Sontak Aron mengangguk antusias, apapun. Apapun untuk Star Aron akan turuti

"Star bakalan pergi kalau papa masih pentingin kerjaan papa."

***

Entah ada angin apa Angkasa datang pagi-pagi sekali, cowok itu melepas helm full face miliknya kemudian berkaca pada sepion motornya, ia menyisir rambutnya dengan jari jemari panjangnya. Angkasa berjalan menyusuri lorong sekolah SMA Samudera, satu tangannya ia masukkan kedalam saku celana.

Tidak banyak yang datang pagi-pagi sekali, hanya ada murid yang piket kelas dan juga anak-anak kutu buku yang sudah stay di kursi lorong depan kelas mereka. Angkasa membuka pintu kelasnya, tetapi gerakannya yang ingin masuk kedalam kelas terhenti saat melihat seorang gadis dengan rambut dikuncir seperti ekor kuda sedang meletakkan sesuatu dikolong mejanya, beruntung sekali Angkasa. Sudah satu tahun ini ia berusaha mencari tahu siapa seseorang dibalik semua ini?

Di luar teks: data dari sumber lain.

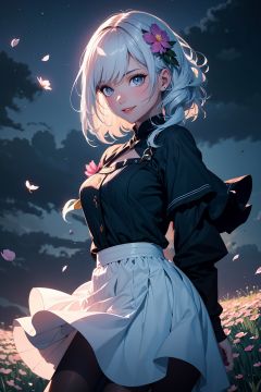 masterpiece, best quality, 1girl, (colorful),(delicate eyes and face), volumatic light, ray tracing, bust shot ,extremely detailed CG unity 8k wallpaper,solo,smile,intricate skirt,((flying petal)),(Flowery meadow) sky, cloudy_sky, moonlight, moon, night, (dark theme:1.3), light, fantasy, windy, magic sparks, dark castle,white hair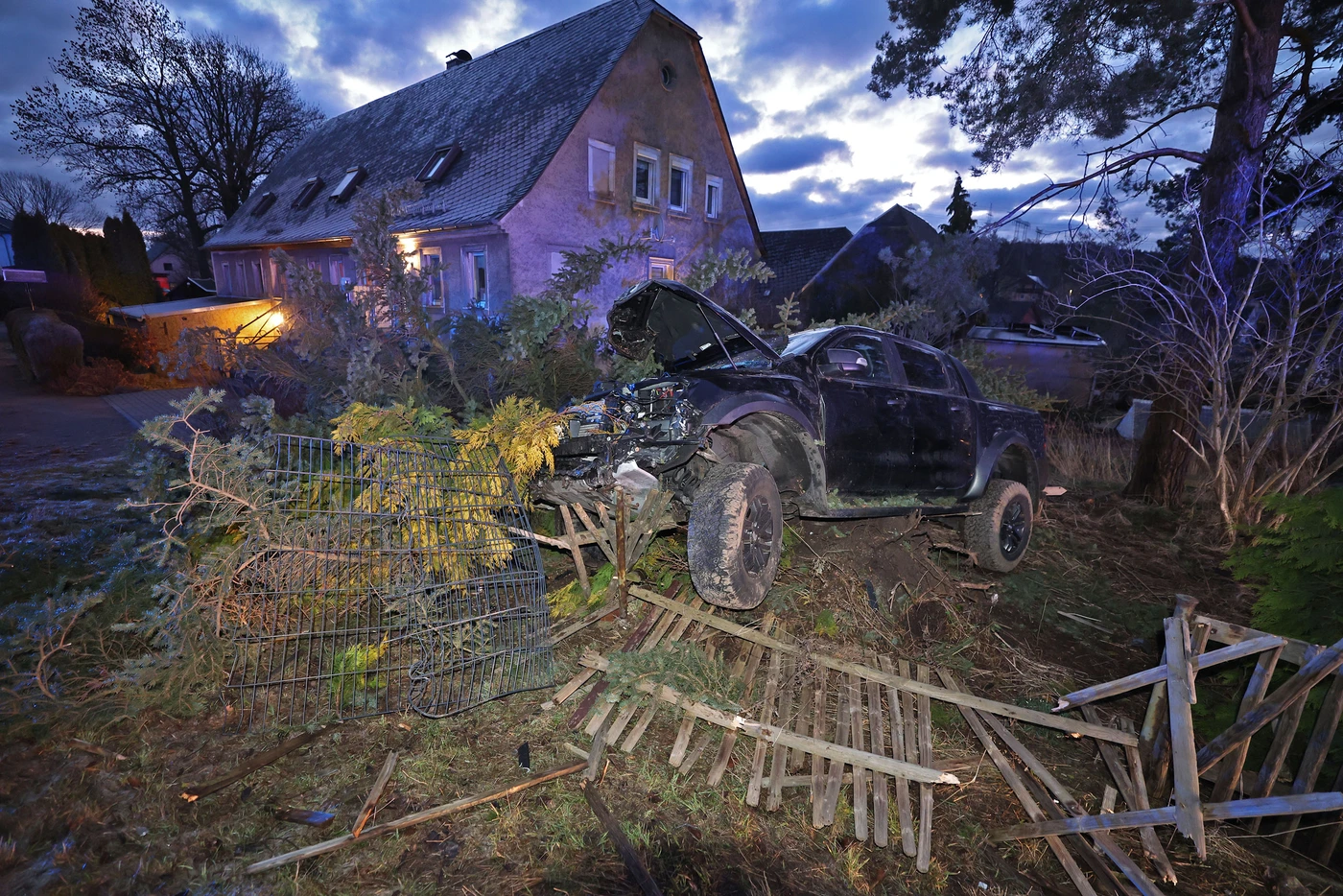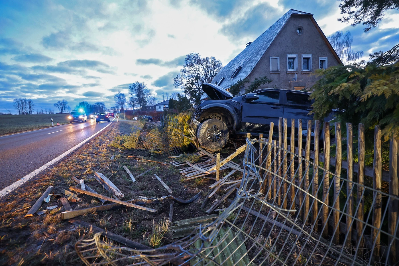 In Pleißa bei Limbach-Oberfrohna ist am frühen Mittwochmorgen ein Pick-Up schwer verunglückt. Wie unser Reporter berichtet, war das Fahrzeug gegen 5.50 Uhr von der Hohensteiner Straße abgekommen und durch einen Grundstückszaun geprescht. Im dahinterliegenden Vorgarten rasierte der Wagen mehrere Bäume, bis der Ford schließlich zum Stehen kam. Der Fahrer stand laut Polizei unter Drogen. Er kam verletzt in eine Klinik.

Dan pagi ini Angkasa mengetahui gadis yang selalu meletakkan bekal, susu cokelat, dan juga Setangkai mawar merah dikolong mejanya, Angkasa berjalan mengendap-endap menghampiri gadis itu, saat tiba dibelakangnya Angkasa hanya diam, berdiri dengan tenang tanpa suara, ia hanya ingin melihat reaksi gadis itu.

Gadis itu berbalik dan tampak terkejut melihat Angkasa yang berada tepat dibelakangnya dengan wajah dingin, gadis itu meneguk ludahnya susah payah.

"A-angkasa?"

Angkasa mengangguk, "lo Starla kan?" Tanya Angkasa

Starla menganggukkan kepalanya ragu, dadanya berpacu dengan cepat. Pagi ini, pagi ini Angkasa mengetahui dirinya, Starla takut kalau ia akan dicaci seperti gadis-gadis lain yang menyukai Angkasa.

"M-maaf Angkasa...." lirih Starla menundukkan kepalanya

Angkasa berdehem, "mendingan lo buang jauh-jauh deh bekal lo itu, gue nggak suka bekal basi dari lo!" Caci Angkasa

Starla sontak mendongakkan kepalanya, ia menatap tak percaya cowok dihadapannya ini.

"T-tapi bekalnya selalu dimakan kamu kok...."

Angkasa tersenyum miring, "bukan gue yang makan. Mendingan sekarang lo berhenti kasih gue bekal, gue risih kalau kolong meja gue harus sukar diisi bekal, susu cokelat, sama bunga mawar layu dari lo itu!"